### Supplied information

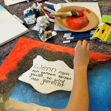 Ein weiterer Baustein war eine kreative Einheit: Die Jugendlichen gestalteten Leinwände mit ihren Konfirmationssprüchen. So entstand etwas Bleibendes, das sie später in der Konfirmandenzeit und darüber hinaus begleiten kann.
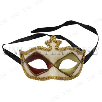 仮面舞踏会でおなじみのドミノマスク。オールド風の質感とヴェネチアンな装飾がゴージャスかつレトロ感漂うデザインです。眉間の王冠型がポイント!道化師・ピエロコスチュームと合わせるのもオススメです
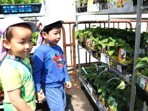 野菜の苗にはそれぞれ写真がついているので、それを見ながら「トマトだ!」「なすびあった!」と見つけたものを報告してくれたのですが・・・
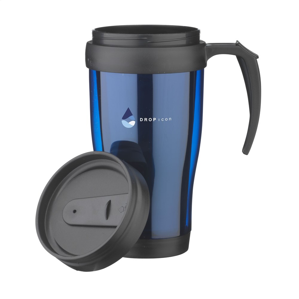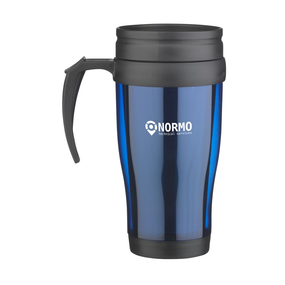 Doppelwandiger Kunststoff Thermobecher mit Schraubdeckel und Schiebe-/Klicköffnung (ohne Gummidichtung). Fassungsvermögen: 400 ml. Pro Stück in einer Verpackung.
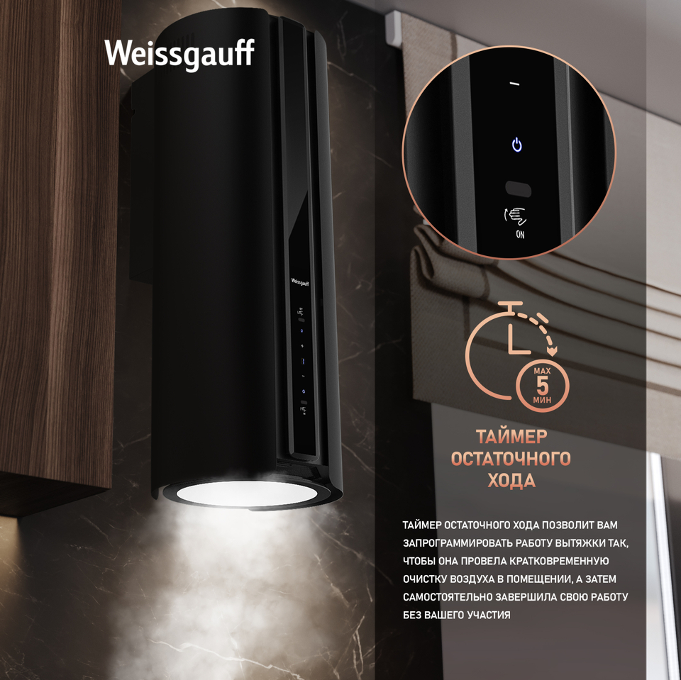 Цилиндрическая пристенная вытяжка Weissgauff, выполненная в чёрном цвете, оснащена мощным инверторным двигателем, который не только снижает уровень шума, но и повышает эффективность работы устройства. Управление осуществляется как с помощью сенсорных кнопок на корпусе, так и жестами, что значительно упрощает эксплуатацию. В дополнение к этому, мощная светодиодная лампа обеспечивает яркое освещение, делая работу на кухне более комфортной!
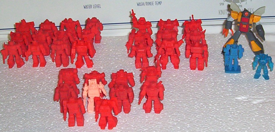 Devastator HOC PVC, yellow Japanese Mindwipe decoy and a black Ravage decoy of unknown origin, an orange Reflector decoy of unknown origin, and a red Shrapnel, that I use as a Kuwagatorer decoy.
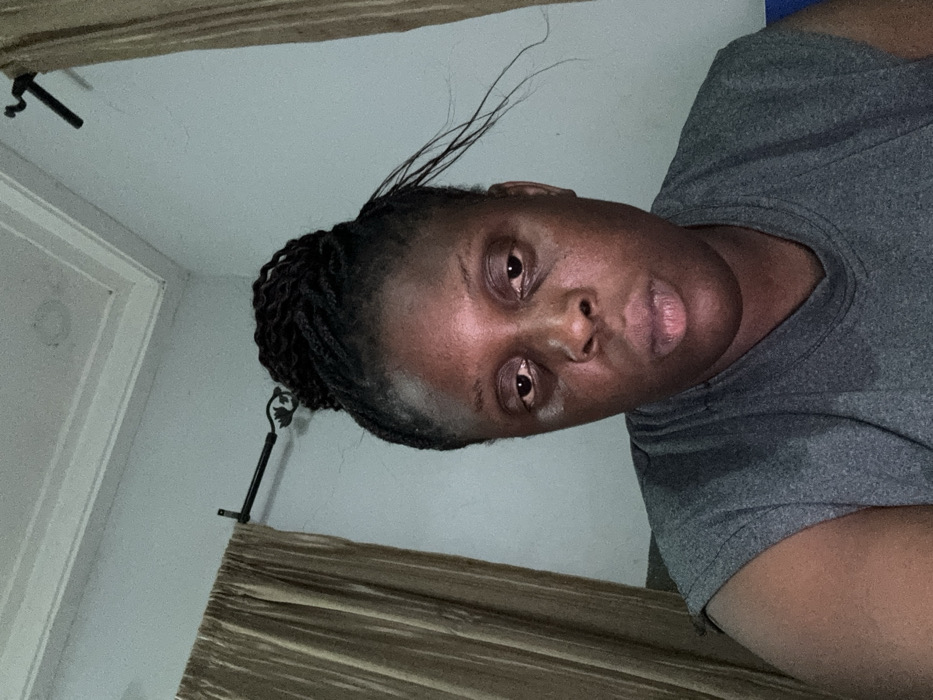 A woman with braided hair pulled back into a bun looks directly at the camera
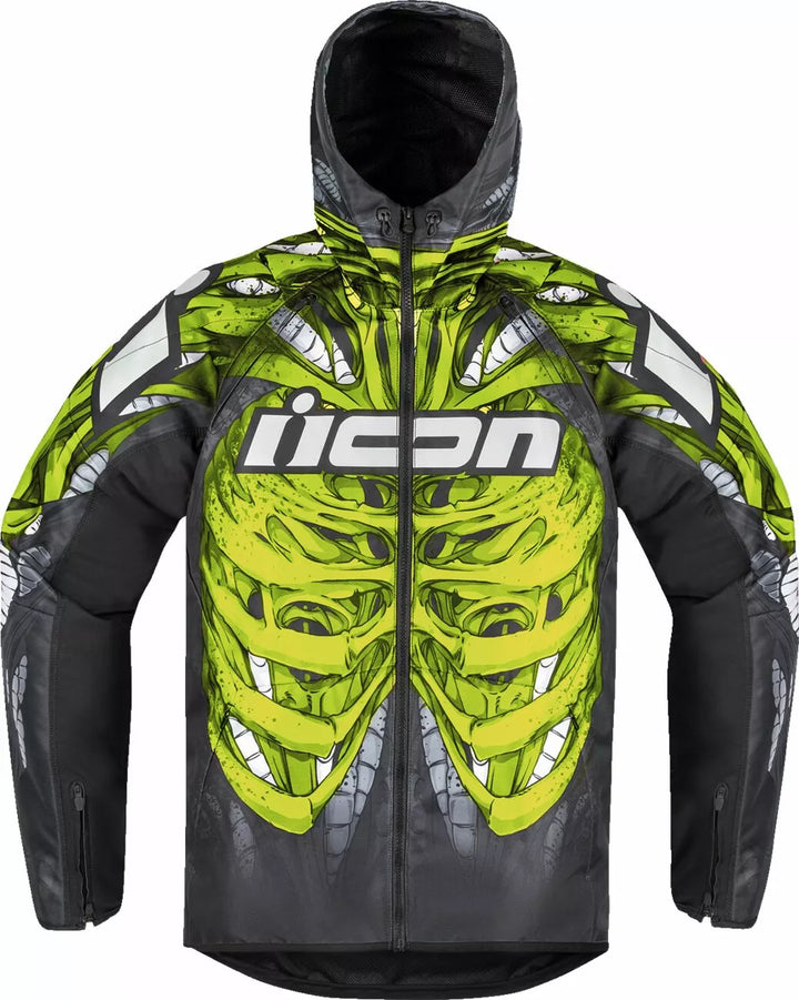 Graphique Airform Manik'r ™ à l'avant et à l'arrière de la veste, châssis en polyester 420D avec renforcement interne en polyester 300D, matériau de coquille enduit de PU avec finition DWR, protecteur de dos vipère amovible D30®; Protégeurs d'impact sur les coudes et les épaules, Hotte à cordon de cordon élastique, panneau de maillage avant Airfly ™ Cental avec évents à fermeture éclair à la poitrine et arrière, à glissière à manchette, à dos de dossier en 1621-2
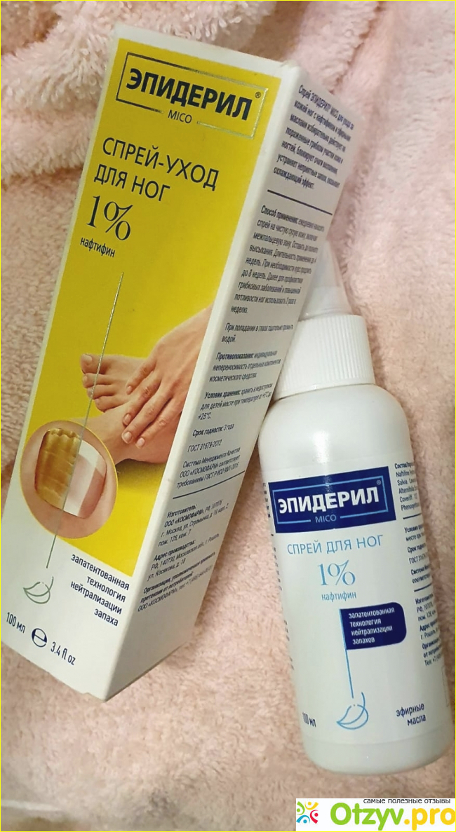 Врач посоветовал мне спрей-уход для ног Эпидерил Mico. В составе у средства Нафтифин 1% в качестве противогрибкового компонента. Также к составу относятся натуральные масла , которые обладают антибактериальными и противогрибковыми действиями. Хотелось бы ещё отметить, что это средство отлично нейтрализует неприятный запах.
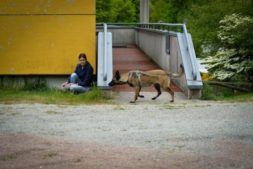 Depuis chez vous, vous devrez être plusieurs personnes : une qui va participer avec le chien et l'autre qui ira se cacher. Vous pourrez échanger les rôles sans problèmes.

######

Exercise details:
Please restate the lines above exactly, starting at the first line of the data and stopping at the line containing "Devastator HOC PVC, yellow", which is included. Omit pictures.

Result of this exercise:
 Ein weiterer Baustein war eine kreative Einheit: Die Jugendlichen gestalteten Leinwände mit ihren Konfirmationssprüchen. So entstand etwas Bleibendes, das sie später in der Konfirmandenzeit und darüber hinaus begleiten kann.
 仮面舞踏会でおなじみのドミノマスク。オールド風の質感とヴェネチアンな装飾がゴージャスかつレトロ感漂うデザインです。眉間の王冠型がポイント!道化師・ピエロコスチュームと合わせるのもオススメです
 野菜の苗にはそれぞれ写真がついているので、それを見ながら「トマトだ!」「なすびあった!」と見つけたものを報告してくれたのですが・・・
 Doppelwandiger Kunststoff Thermobecher mit Schraubdeckel und Schiebe-/Klicköffnung (ohne Gummidichtung). Fassungsvermögen: 400 ml. Pro Stück in einer Verpackung.
 Цилиндрическая пристенная вытяжка Weissgauff, выполненная в чёрном цвете, оснащена мощным инверторным двигателем, который не только снижает уровень шума, но и повышает эффективность работы устройства. Управление осуществляется как с помощью сенсорных кнопок на корпусе, так и жестами, что значительно упрощает эксплуатацию. В дополнение к этому, мощная светодиодная лампа обеспечивает яркое освещение, делая работу на кухне более комфортной!
 Devastator HOC PVC, yellow Japanese Mindwipe decoy and a black Ravage decoy of unknown origin, an orange Reflector decoy of unknown origin, and a red Shrapnel, that I use as a Kuwagatorer decoy.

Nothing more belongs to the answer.